Early Life
Verwoerd was born in the Netherlands. He was the second child of Anje Strik and Wilhelmus Johannes Verwoerd: he had an elder brother named Leendert and a younger sister named Lucie. His father was a shopkeeper and a deeply religious man who decided to move his family to South Africa in 1903 because of his sympathy towards the Afrikaner nation after the Second Boer War. In 1913, the family moved to Bulawayo, Southern Rhodesia, where the elder Verwoerd became an assistant evangelist in the Dutch Reformed Church. Hendrik Verwoerd attended Milton High School where he was awarded the Beit Scholarship, but was forced to decline because of his family’s move back to South Africa, Brandfort in the Orange Free State. Due to the worldwide spanish flu epidemic, Hendrik Verwoerd sat for his matriculation exams in February 1919, proving himself to be an able student at the Lutheran School in Wynberg and Wynberg Boys' High School, achieving first position in the Orange Free State and fifth in South Africa.
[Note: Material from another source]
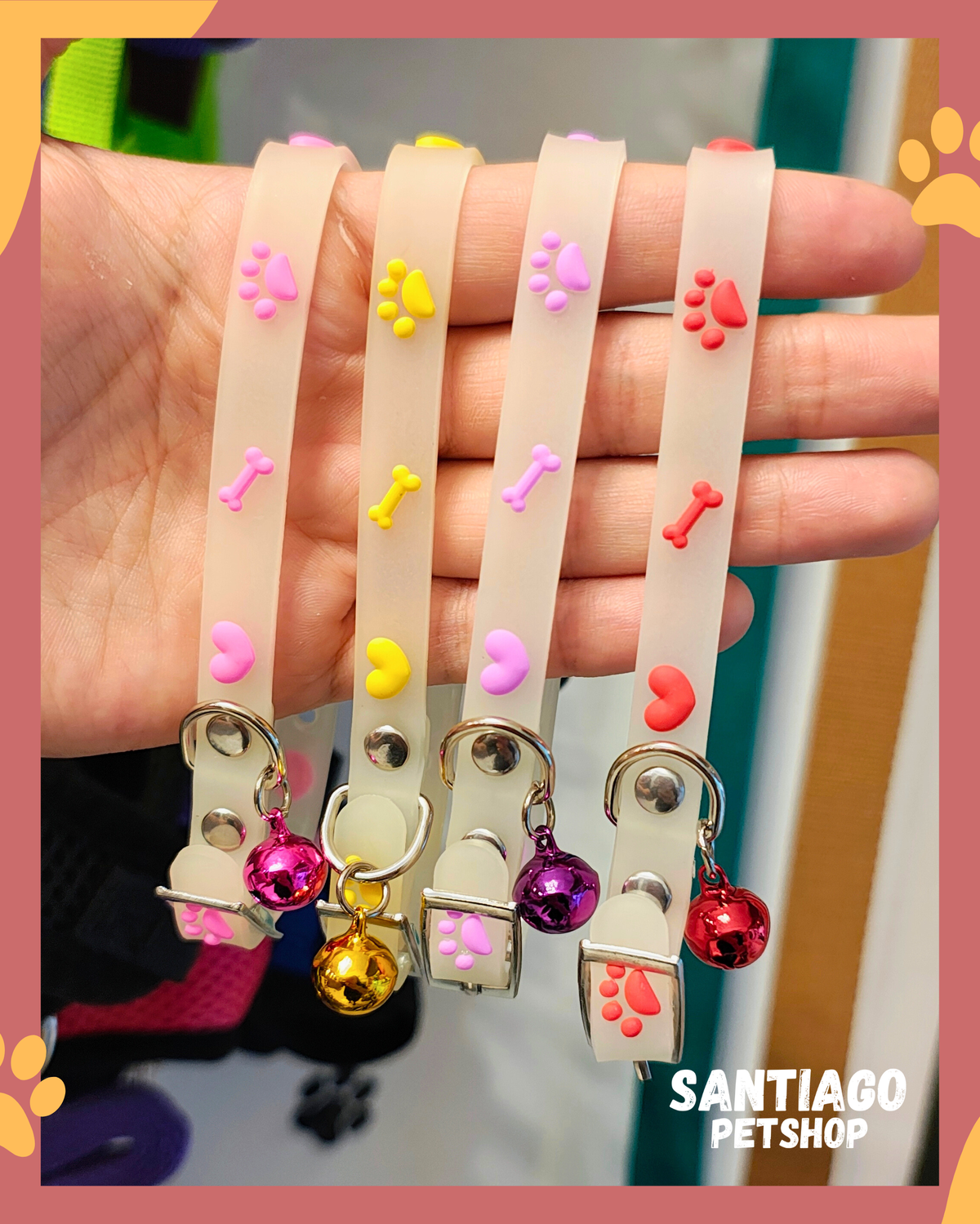 Collar de goma luminoso en la oscuridad con detalles de huesos, corazones y huellitas

After his schooling, he proceeded to study theology at the University of Stellenbosch, later changing to psychology and philosophy. He was awarded a masters and a doctorate in psychology, both cum laude, and turned down an Abe Bailey scholarship to Oxford University, England, opting to continue his studies in psychology and theology in Germany. Verwoerd left for Germany in 1925, and stayed there during 1926, studying at the universities of Hamburg, Berlin and Leipzig. His later critics have at times suggested that this coincided with the rise of German National Socialism in the 1930s; however, according to the Dictionary of South African Biography of 1981, his stay predated it by a number of years. It has been speculated that he met with Eugen Fischer during his stay, but at this stage, social Darwinism was not the focus of Verwoerd's research. He published a number of works dating back to that time. Verwoerd's fiancee, Betsie Schoombie, joined him in Germany and they were subsequently married on 7 January 1927 in Hamburg. Later that year, he continued his studies in Britain and then in the United States of America. His lecture notes and memoranda at Stellenbosch stressed that there were no biological differences between the big racial groups, and concluded that "this was not really a factor in the development of a higher social civilisation by the Caucasians."
He published a number of works dating back to his time in Germany:
- "A method for the experimental production of emotions" (1926)
- "'n Bydrae tot die metodiek en probleemstelling vir die psigologiese ondersoek van koerante-advert" ("A contribution on the psychological methodology of newspaper advertisement") (1928)
- "The distribution of 'attention' and its testing" (1928)
- "Effects of fatigue on the distribution of attention" (1928)
- "A contribution to the experimental investigation of testimony" (1929?)
- "Oor die opstel van objektiewe persoonlikheidsbepalingskemas" ("Objective criteria to determine personality types") (1930?)
- "Oor die persoonlikheid van die mens en die beskrywing daarvan" ("On the human personality and the description thereof") (1930?)